Research Says To Lend a Listening Ear (And Not an Eye)

A recent study offered an interesting twist on what makes for effective listening. 

According to research, listeners who hear a speaker by phone, or with eyes closed, tend to more accurately gauge the speaker’s emotions than listeners who are also looking at the speaker by video conference or in person. 

According to an article in the journal Yale Insights, “The research suggests that simple phone calls might be sufficient for bringing together far-flung colleagues.” 

This might be good news for businesses that want to cut back on travel for face-to-face meetings. It’s also somewhat of an affirmation of what I’ve noticed in my own work. I do phone as well as in-person coaching, and while I feel confident that I’m gleaning a person’s emotions face-to-face, I have also felt that the phone coaching I do is at least as effective, even though we are at a geographic distance and I can’t see my client’s face or body language for visual clues. I can, however, hear how they are feeling through tone and word choice, and this study suggests I am probably hearing more accurately than I realize.

The study, by author Michael Kraus, PhD, of Yale University, was published this fall in the American Psychological Association journal American Psychologist®. 

This idea may seem counter-intuitive, but Kraus offers some logical explanations for why voice-only communication might be so effective. 

“There’s now a lot of discussion about how to look more confident, or how to hide certain less desirable emotion states by using non-verbal communication,” he says in the Yale Insights article. “There is a chance that people might mislead listeners with their nonverbal communication.”

 In other words—we are learning to be better at hiding our feelings with facial expressions and body language, but our voice tends to give us away. 
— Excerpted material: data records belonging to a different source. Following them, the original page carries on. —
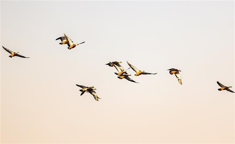 朝阳下成群飞翔的赤麻鸭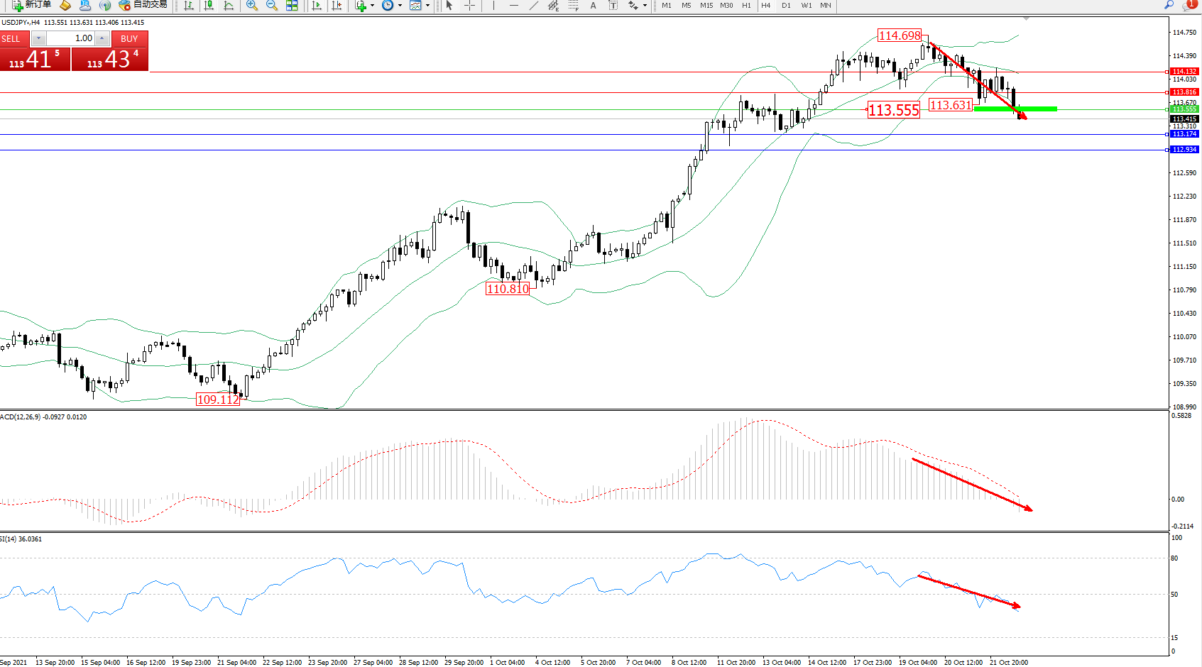 美元兑日圆高位持续下挫至113.415附近震荡,日本9月核心消费者物价指数(CPI)同比上涨,为2020年3月新冠疫情初期以来首次,这表明能源和原材料成本的上升正在逐步推高通胀。燃料成本的上升将在未来几个月加速消费者通胀,尽管与其他发达经济体相比,任何增长都将是温和的,因为低迷的工资增长拖累了消费,使企业不敢大幅提价。由于人为的扭曲和一次性的打击,预计基础通胀率将在明年初达到略低于1.0%的峰值,然后回落。周五公布的政府数据显示,日本9月包括油品,但不包括生鲜食品价格的核心消费者物价较上年同期上涨0.1%,符合市场预估中值。8月为持平。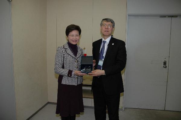 The Secretary for Development, Mrs Carrie Lam, presents a souvenir to Chief of Protocol, Tokyo Metropolitan Government Mr Toshiyuki Taga.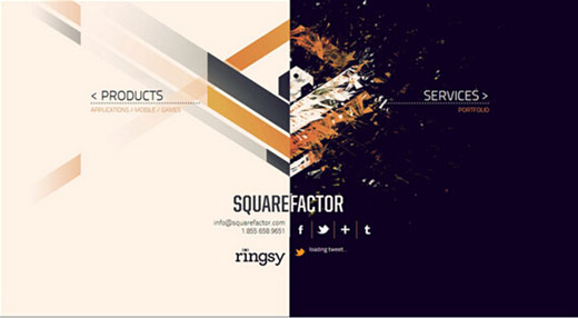 再看下一個頁面設(shè)計,采用了兩種顏色拼湊的背景圖片,給人以強(qiáng)大的視覺沖擊,其大部分是空白處,用戶很快就能找到重點,頁面簡單大方。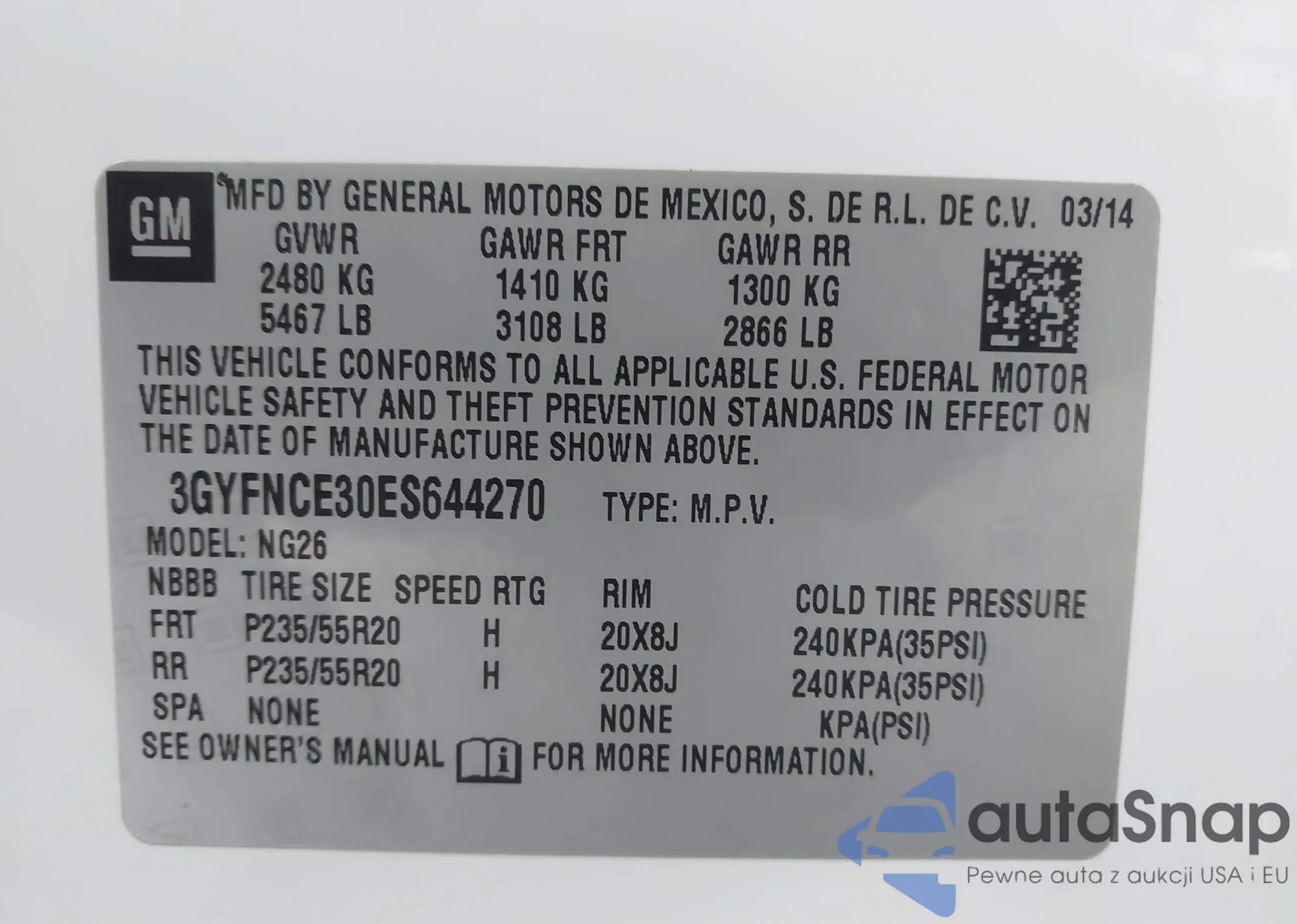 • VIN: 3GYFNCE30ES644270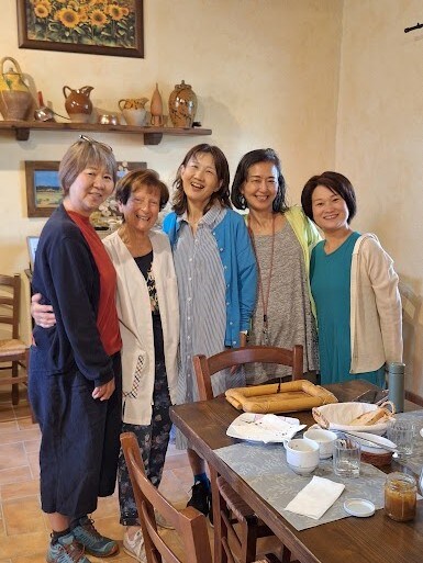 少しずつ傾きを変え、光の注ぎ方を変えていく夕日に照らされながらテラスでお話をしたり、犬と遊んだり、お散歩をしたりとマインドフルな時間を過ごしていると、「ご飯ですよー」と声がかかりました。アンティークな雰囲気の広い食堂に集まると、今日のお客様は私たちと、もう一人の女性。一人旅のその女性は80代半ばで、ボローニャからの長距離を自分で運転をして休暇に来たそうです。日中は海に泳ぎに行ったとか。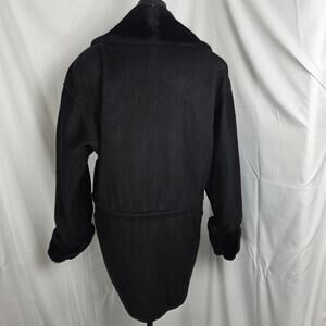 Portrait Black Faux Fur Shawl Collar Belted Jacket Women’s Size 4 Vintage Cozy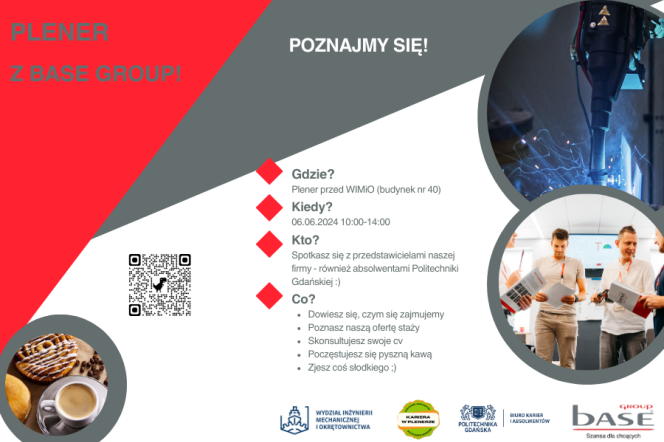 Serdecznie zapraszamy wszystkich studentów i absolwentów na wyjątkowe wydarzenie z cyklu „Kariera w Plenerze”, organizowane przez firmę Base Group wspólnie z Wydziałem Inżynierii Mechanicznej i Okrętownictwa oraz Biurem Karier Politechniki Gdańskiej. Spotkanie odbędzie się 6 czerwca 2024 r. (czwartek) w godzinach 10:00 – 14:00 przed budynkiem Wydziału Inżynierii Mechanicznej i Okrętownictwa (budynek nr 40).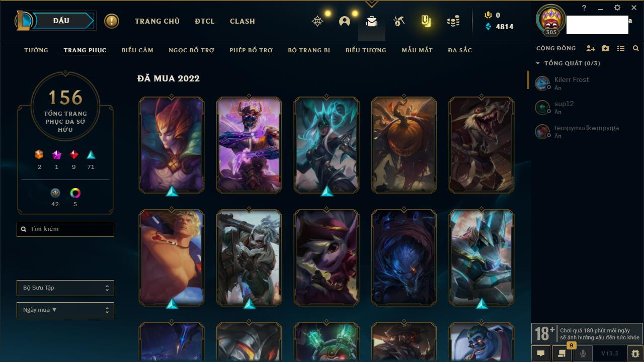 Rank Đơn: Chưa RankKhung: Chưa có khungTướng: 163 - Còn 157403 THXTrang Phục: 149Rank ĐTCL: Chưa RankLinh Thú: 122

Another reason may be that during in-person communication a listener has many different kinds of input to focus on. “It’s difficult because you might be switching attention across those channels in order to perceive emotion,” Kraus says. “Whereas if you focus on any one that has the necessary information you’d be most accurate. Our research points to the voice as the most viable channel for emotion perception.”

Listening well is one of the most important skills to have when connecting with others, whether at work or with friends and other loved ones. Maybe it’s time to skip the Skype and have an old-fashioned phone call instead?